Nutch 1.16 release
- update version number
- add changes / release notes
diff --git a/CHANGES.txt b/CHANGES.txt
index 5721439..2c18e38 100644
--- a/CHANGES.txt
+++ b/CHANGES.txt
@@ -1,6 +1,6 @@
# Nutch Change Log
-Nutch 1.16 Release (dd/mm/yyyy)
+Nutch 1.16 Release (01/10/2019)
Comments
@@ -24,6 +24,125 @@
on a semi-stable pseudo-random hash sorting could be restored setting the property
`db.signature.text_profile.sec_sort_lex` to `false`. See also NUTCH-2381.
+Bug
+
+ [NUTCH-1063] - OutlinkExtractor test generates an exception but does not fail
+ [NUTCH-1842] - crawl.gen.delay has a wrong default value in nutch-default.xml or is being parsed incorrectly
+ [NUTCH-2279] - LinkRank fails when using Hadoop MR output compression
+ [NUTCH-2381] - In some situations the class TextProfileSignature gives different signatures for the same text "profile" page.

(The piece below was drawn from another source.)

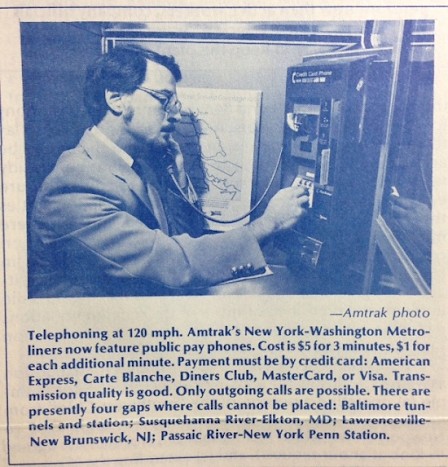 July 1986: Amtrak introduces “Railfone,” on-board public pay phones on New York-Washington Metroliners (predecessors to today’s Acela whose equipment, designed in the 1960s, is the model for the still-ubiquitous Amfleet). How times have changed:

+ [NUTCH-2387] - Nutch should not index document with "noindex" meta
+ [NUTCH-2457] - Embedded documents likely not correctly parsed by Tika
+ [NUTCH-2475] - If and else-if branches has the same condition
+ [NUTCH-2482] - index-geoip not to add null values to document fields
+ [NUTCH-2585] - NPE in TrieStringMatcher
+ [NUTCH-2598] - URLNormalizerChecker fails on invalid URLs in input
+ [NUTCH-2606] - MIME detection is wrong for plain-text documents send as Content-Type "application/msword"
+ [NUTCH-2635] - Generator writes unneeded temporary output
+ [NUTCH-2639] - bin/nutch fails to set native library path on Cygwin causing jobs to fail with UnsatisfiedLinkError
+ [NUTCH-2641] - ClassCastException in webui
+ [NUTCH-2642] - MoreIndexingFilter parses ISO 8601 UTC dates in local time zone
+ [NUTCH-2643] - ant target "resolve-default" to depend on "init"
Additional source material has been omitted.